_WORK INSTRUCTION_: The exact lines of the listing, from its first through the line that contains "Diversas autoridades policiacas", are to make up the answer, and pictures are to be left out.

_RECORDS TO PROCESS_:
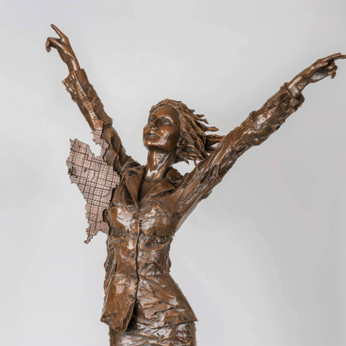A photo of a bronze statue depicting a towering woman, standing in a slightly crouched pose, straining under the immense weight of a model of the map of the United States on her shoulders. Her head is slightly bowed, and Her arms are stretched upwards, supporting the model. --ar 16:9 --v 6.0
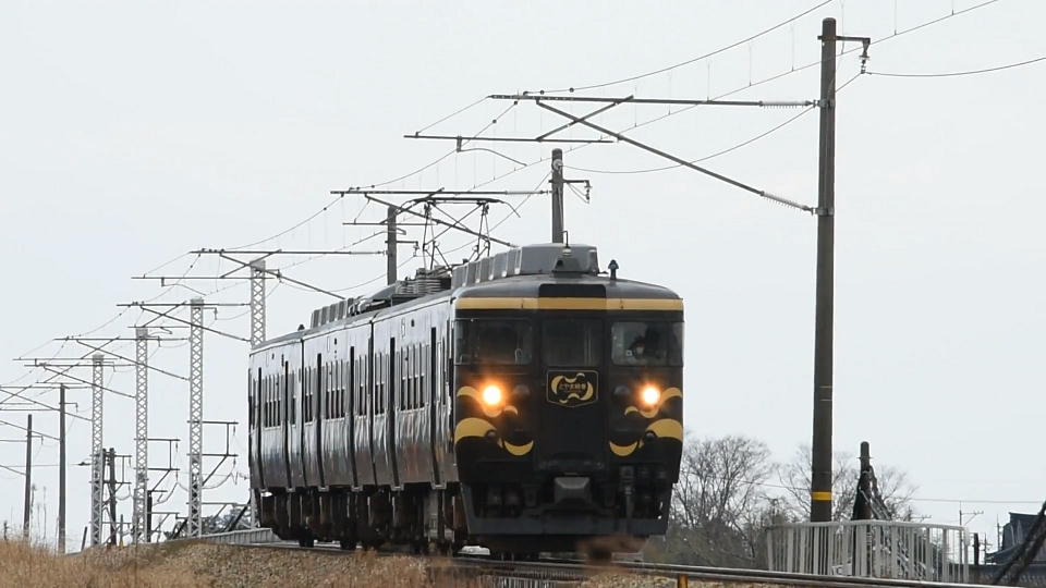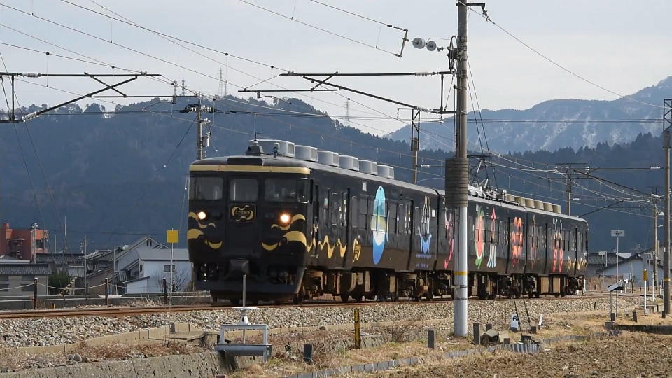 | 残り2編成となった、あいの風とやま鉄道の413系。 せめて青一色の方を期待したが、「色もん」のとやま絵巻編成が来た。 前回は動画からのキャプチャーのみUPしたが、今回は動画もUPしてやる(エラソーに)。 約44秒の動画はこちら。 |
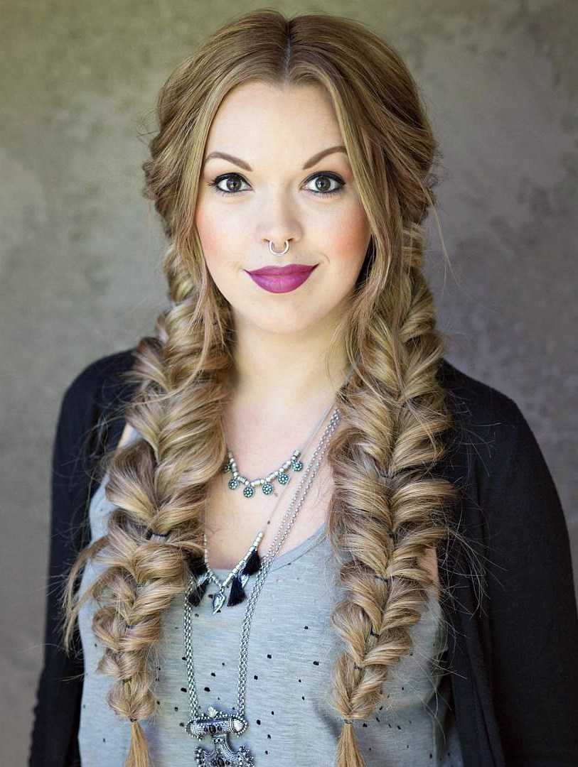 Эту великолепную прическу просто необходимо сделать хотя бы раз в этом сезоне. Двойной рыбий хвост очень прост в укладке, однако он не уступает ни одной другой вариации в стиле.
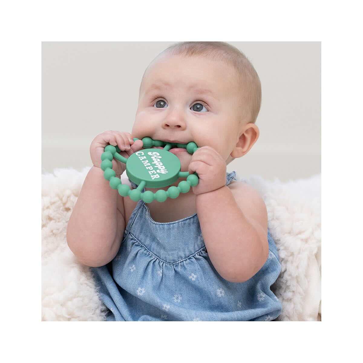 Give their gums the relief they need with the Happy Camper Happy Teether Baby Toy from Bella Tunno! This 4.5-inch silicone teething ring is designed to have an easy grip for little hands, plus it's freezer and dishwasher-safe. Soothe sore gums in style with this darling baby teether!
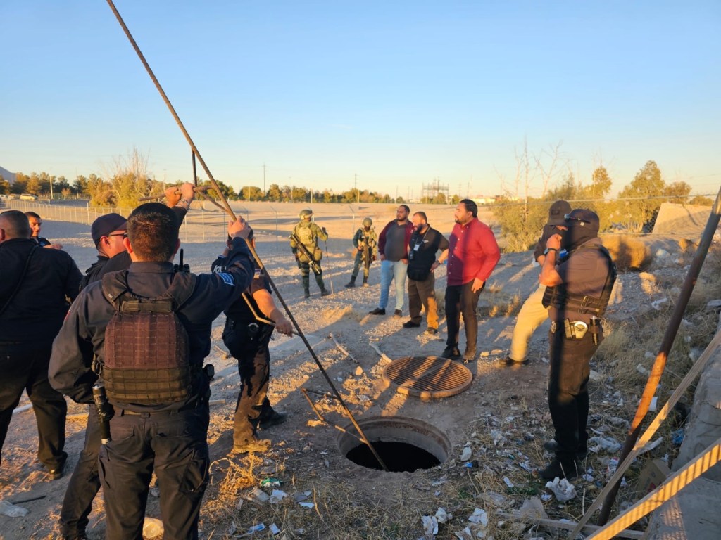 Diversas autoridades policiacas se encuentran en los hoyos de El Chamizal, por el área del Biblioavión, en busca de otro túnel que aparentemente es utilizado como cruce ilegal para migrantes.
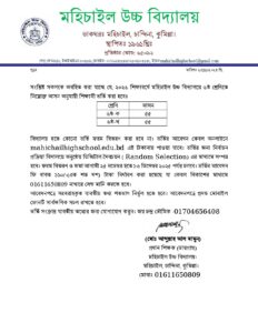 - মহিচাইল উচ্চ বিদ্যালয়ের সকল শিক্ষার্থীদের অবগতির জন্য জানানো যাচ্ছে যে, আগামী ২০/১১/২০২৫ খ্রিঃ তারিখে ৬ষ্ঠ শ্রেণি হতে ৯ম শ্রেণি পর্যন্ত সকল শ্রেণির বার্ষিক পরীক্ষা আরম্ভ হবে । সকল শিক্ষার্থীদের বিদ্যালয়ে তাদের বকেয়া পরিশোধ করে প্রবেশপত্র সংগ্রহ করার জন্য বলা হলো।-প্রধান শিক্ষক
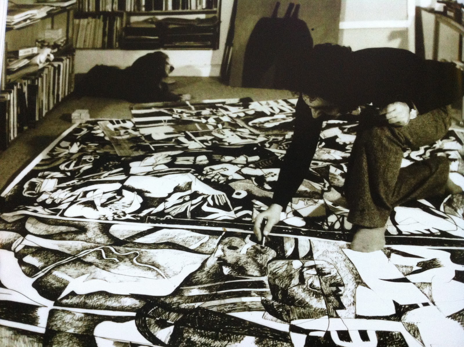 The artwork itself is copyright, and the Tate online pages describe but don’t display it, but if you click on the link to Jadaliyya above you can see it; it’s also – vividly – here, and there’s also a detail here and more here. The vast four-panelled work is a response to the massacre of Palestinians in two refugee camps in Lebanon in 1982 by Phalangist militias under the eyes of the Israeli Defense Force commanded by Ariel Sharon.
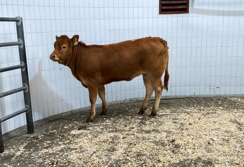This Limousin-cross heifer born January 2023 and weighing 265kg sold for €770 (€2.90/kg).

_OUTPUT FOR THIS TASK_:
A photo of a bronze statue depicting a towering woman, standing in a slightly crouched pose, straining under the immense weight of a model of the map of the United States on her shoulders. Her head is slightly bowed, and Her arms are stretched upwards, supporting the model. --ar 16:9 --v 6.0
 | 残り2編成となった、あいの風とやま鉄道の413系。 せめて青一色の方を期待したが、「色もん」のとやま絵巻編成が来た。 前回は動画からのキャプチャーのみUPしたが、今回は動画もUPしてやる(エラソーに)。 約44秒の動画はこちら。 |
 Эту великолепную прическу просто необходимо сделать хотя бы раз в этом сезоне. Двойной рыбий хвост очень прост в укладке, однако он не уступает ни одной другой вариации в стиле.
 Give their gums the relief they need with the Happy Camper Happy Teether Baby Toy from Bella Tunno! This 4.5-inch silicone teething ring is designed to have an easy grip for little hands, plus it's freezer and dishwasher-safe. Soothe sore gums in style with this darling baby teether!
 Diversas autoridades policiacas se encuentran en los hoyos de El Chamizal, por el área del Biblioavión, en busca de otro túnel que aparentemente es utilizado como cruce ilegal para migrantes.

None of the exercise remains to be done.